ENTRIES PROVIDED ->
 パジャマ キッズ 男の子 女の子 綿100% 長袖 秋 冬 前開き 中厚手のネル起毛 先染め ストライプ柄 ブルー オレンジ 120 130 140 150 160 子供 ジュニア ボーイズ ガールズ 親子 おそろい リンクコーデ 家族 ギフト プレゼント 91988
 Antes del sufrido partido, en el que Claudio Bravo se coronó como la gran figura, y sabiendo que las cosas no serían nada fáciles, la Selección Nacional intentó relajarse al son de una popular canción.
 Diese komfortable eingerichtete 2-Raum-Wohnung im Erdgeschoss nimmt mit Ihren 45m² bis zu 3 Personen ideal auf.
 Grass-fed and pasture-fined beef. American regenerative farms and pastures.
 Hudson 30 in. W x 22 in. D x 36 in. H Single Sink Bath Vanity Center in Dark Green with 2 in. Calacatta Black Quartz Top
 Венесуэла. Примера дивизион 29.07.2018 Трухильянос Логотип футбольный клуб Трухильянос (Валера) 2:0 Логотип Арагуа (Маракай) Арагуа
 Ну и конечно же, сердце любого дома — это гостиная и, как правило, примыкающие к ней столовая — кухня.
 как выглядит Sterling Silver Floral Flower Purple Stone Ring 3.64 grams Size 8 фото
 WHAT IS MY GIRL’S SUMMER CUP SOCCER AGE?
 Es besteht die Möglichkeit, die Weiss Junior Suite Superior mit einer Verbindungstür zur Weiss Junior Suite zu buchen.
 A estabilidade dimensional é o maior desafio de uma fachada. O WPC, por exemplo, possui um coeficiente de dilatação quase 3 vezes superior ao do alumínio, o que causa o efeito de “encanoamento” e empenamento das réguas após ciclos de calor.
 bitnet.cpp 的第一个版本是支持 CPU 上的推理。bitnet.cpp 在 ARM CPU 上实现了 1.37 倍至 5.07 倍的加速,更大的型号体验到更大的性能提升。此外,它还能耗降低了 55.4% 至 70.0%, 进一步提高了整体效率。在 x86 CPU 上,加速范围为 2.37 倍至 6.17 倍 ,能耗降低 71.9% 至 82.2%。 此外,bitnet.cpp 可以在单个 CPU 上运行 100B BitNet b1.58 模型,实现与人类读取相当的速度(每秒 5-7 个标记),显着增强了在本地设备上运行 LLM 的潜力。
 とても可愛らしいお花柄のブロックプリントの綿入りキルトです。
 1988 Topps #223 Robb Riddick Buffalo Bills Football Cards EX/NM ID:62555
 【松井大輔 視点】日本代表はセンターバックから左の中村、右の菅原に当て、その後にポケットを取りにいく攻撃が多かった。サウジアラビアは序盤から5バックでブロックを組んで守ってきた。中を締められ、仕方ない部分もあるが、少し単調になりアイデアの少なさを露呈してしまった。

EXERCISE AIM -> Without dropping a single line, output the records above exactly.

SOLUTION TO THIS PROBLEM ->
 パジャマ キッズ 男の子 女の子 綿100% 長袖 秋 冬 前開き 中厚手のネル起毛 先染め ストライプ柄 ブルー オレンジ 120 130 140 150 160 子供 ジュニア ボーイズ ガールズ 親子 おそろい リンクコーデ 家族 ギフト プレゼント 91988
 Antes del sufrido partido, en el que Claudio Bravo se coronó como la gran figura, y sabiendo que las cosas no serían nada fáciles, la Selección Nacional intentó relajarse al son de una popular canción.
 Diese komfortable eingerichtete 2-Raum-Wohnung im Erdgeschoss nimmt mit Ihren 45m² bis zu 3 Personen ideal auf.
 Grass-fed and pasture-fined beef. American regenerative farms and pastures.
 Hudson 30 in. W x 22 in. D x 36 in. H Single Sink Bath Vanity Center in Dark Green with 2 in. Calacatta Black Quartz Top
 Венесуэла. Примера дивизион 29.07.2018 Трухильянос Логотип футбольный клуб Трухильянос (Валера) 2:0 Логотип Арагуа (Маракай) Арагуа
 Ну и конечно же, сердце любого дома — это гостиная и, как правило, примыкающие к ней столовая — кухня.
 как выглядит Sterling Silver Floral Flower Purple Stone Ring 3.64 grams Size 8 фото
 WHAT IS MY GIRL’S SUMMER CUP SOCCER AGE?
 Es besteht die Möglichkeit, die Weiss Junior Suite Superior mit einer Verbindungstür zur Weiss Junior Suite zu buchen.
 A estabilidade dimensional é o maior desafio de uma fachada. O WPC, por exemplo, possui um coeficiente de dilatação quase 3 vezes superior ao do alumínio, o que causa o efeito de “encanoamento” e empenamento das réguas após ciclos de calor.
 bitnet.cpp 的第一个版本是支持 CPU 上的推理。bitnet.cpp 在 ARM CPU 上实现了 1.37 倍至 5.07 倍的加速,更大的型号体验到更大的性能提升。此外,它还能耗降低了 55.4% 至 70.0%, 进一步提高了整体效率。在 x86 CPU 上,加速范围为 2.37 倍至 6.17 倍 ,能耗降低 71.9% 至 82.2%。 此外,bitnet.cpp 可以在单个 CPU 上运行 100B BitNet b1.58 模型,实现与人类读取相当的速度(每秒 5-7 个标记),显着增强了在本地设备上运行 LLM 的潜力。
 とても可愛らしいお花柄のブロックプリントの綿入りキルトです。
 1988 Topps #223 Robb Riddick Buffalo Bills Football Cards EX/NM ID:62555
 【松井大輔 視点】日本代表はセンターバックから左の中村、右の菅原に当て、その後にポケットを取りにいく攻撃が多かった。サウジアラビアは序盤から5バックでブロックを組んで守ってきた。中を締められ、仕方ない部分もあるが、少し単調になりアイデアの少なさを露呈してしまった。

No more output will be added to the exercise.